CMB Power Spectrum Explorer

Interactive comparison of RFT vs ΛCDM predictions against Planck 2018 observations

What the CMB tells us

The cosmic microwave background (CMB) power spectrum encodes precise information about the universe's composition, geometry, and early evolution. The angular power spectrum \(C_\ell\) represents temperature and polarization fluctuations as a function of multipole moment \(\ell\), with peaks and valleys that reveal fundamental cosmological parameters. Here we compare RFT's scalaron-driven background evolution against the Planck 2018 measurements.

RFT Parameters

Baryon density parameter
Cold dark matter density
Scalar spectral index
Optical depth to reionization
Amplitude of scalar fluctuations
Non-minimal scalaron coupling
χ² = --

Inputs from RFT background

The CMB spectrum calculation uses the modified Hubble parameter \(H(z)\) and scalaron field evolution from RFT's background cosmology. The key modification comes from the running gravitational coupling \(G_{\text{eff}}(z) = G/(1 + 2\alpha\phi^2/M_P^2)\) which affects the growth of perturbations and the acoustic oscillation pattern in the early universe.

Current parameter values:
  • H₀ = 67.4 km/s/Mpc
  • Ω_m = 0.315
  • Age = 13.8 Gyr
  • Sound horizon = 147 Mpc

Goodness-of-fit vs Planck

The χ² value automatically updates as you adjust parameters, showing how well RFT predictions match Planck 2018 observations. Values χ²/ν ≲ 1.2 indicate excellent agreement, while χ²/ν > 2 suggests significant tension with observations.

What to tweak

Try adjusting the α (RFT coupling) parameter to see how the non-minimal scalaron coupling affects the CMB spectrum. Larger values of |α| modify the effective gravitational strength during recombination, shifting peak positions and heights.
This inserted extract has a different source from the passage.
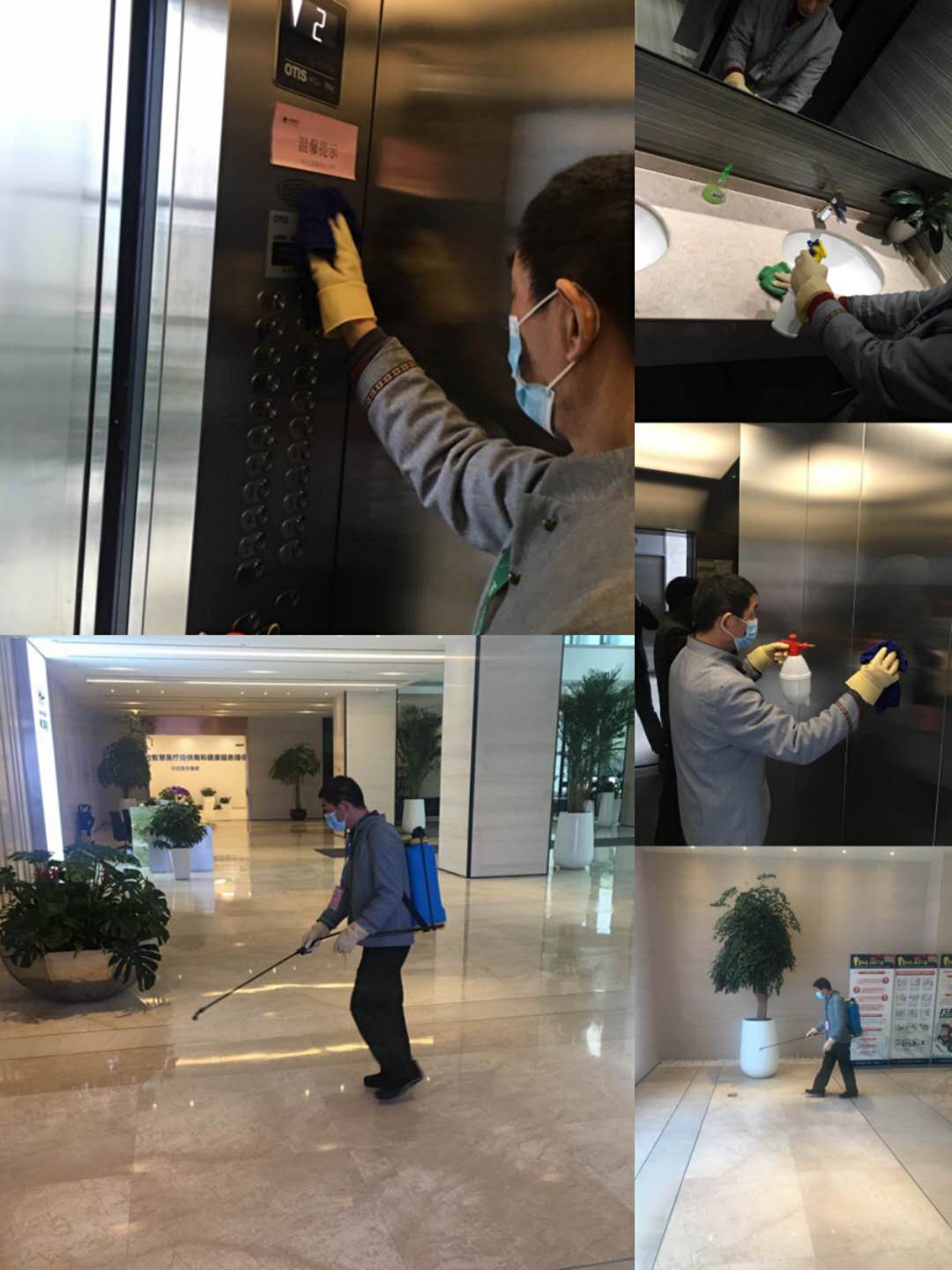 復(fù)工期間,和仁科技大廈公共區(qū)域(大堂、展廳、各樓層茶水間、樓道、地下車庫、電梯間等)進(jìn)行噴灑消毒。針對門把手、開關(guān)、電梯按鍵等頻繁交叉使用區(qū)域加強(qiáng)消毒頻次。工作組建立全員晨檢、夕查機(jī)制篩查體溫,為員工配備醫(yī)用口罩、配置消毒液等公共應(yīng)急物資,并設(shè)立醫(yī)用口罩集中回收點(diǎn)等,所有服務(wù)人員將全天佩戴口罩工作,建立疫情防控消殺管理日志。

The other parameters follow standard ΛCDM interpretations but with RFT's modified background evolution.

Advanced: Parameter values can also be imported from the Λ derivation widget using browser localStorage.

How the Boltzmann code was modified for scalaron mass running

The CMB spectrum calculation incorporates RFT modifications through several key changes to the standard Boltzmann equation solver:

1. Modified Background Evolution

The Hubble parameter includes scalaron energy density:

\[ H^2(z) = H_0^2 \left[ \Omega_m (1+z)^3 + \Omega_r (1+z)^4 + \Omega_\Lambda + \Omega_\phi(z) \right] \]

2. Running Gravitational Coupling

The effective Newton's constant evolves with the scalaron field:

\[ G_{\text{eff}}(z) = \frac{G}{1 + 2\alpha\langle\phi^2\rangle(z)/M_P^2} \]

3. Modified Sound Speed

The photon-baryon sound speed is affected by the varying gravitational strength:

\[ c_s^2(z) = \frac{1}{3(1 + R_b(z))} \quad \text{where} \quad R_b(z) = \frac{3\rho_b}{4\rho_\gamma} \]

These modifications are implemented as hooks in the Boltzmann solver, preserving the standard ΛCDM limit when α → 0 while capturing RFT's unique signatures in the acoustic oscillation pattern.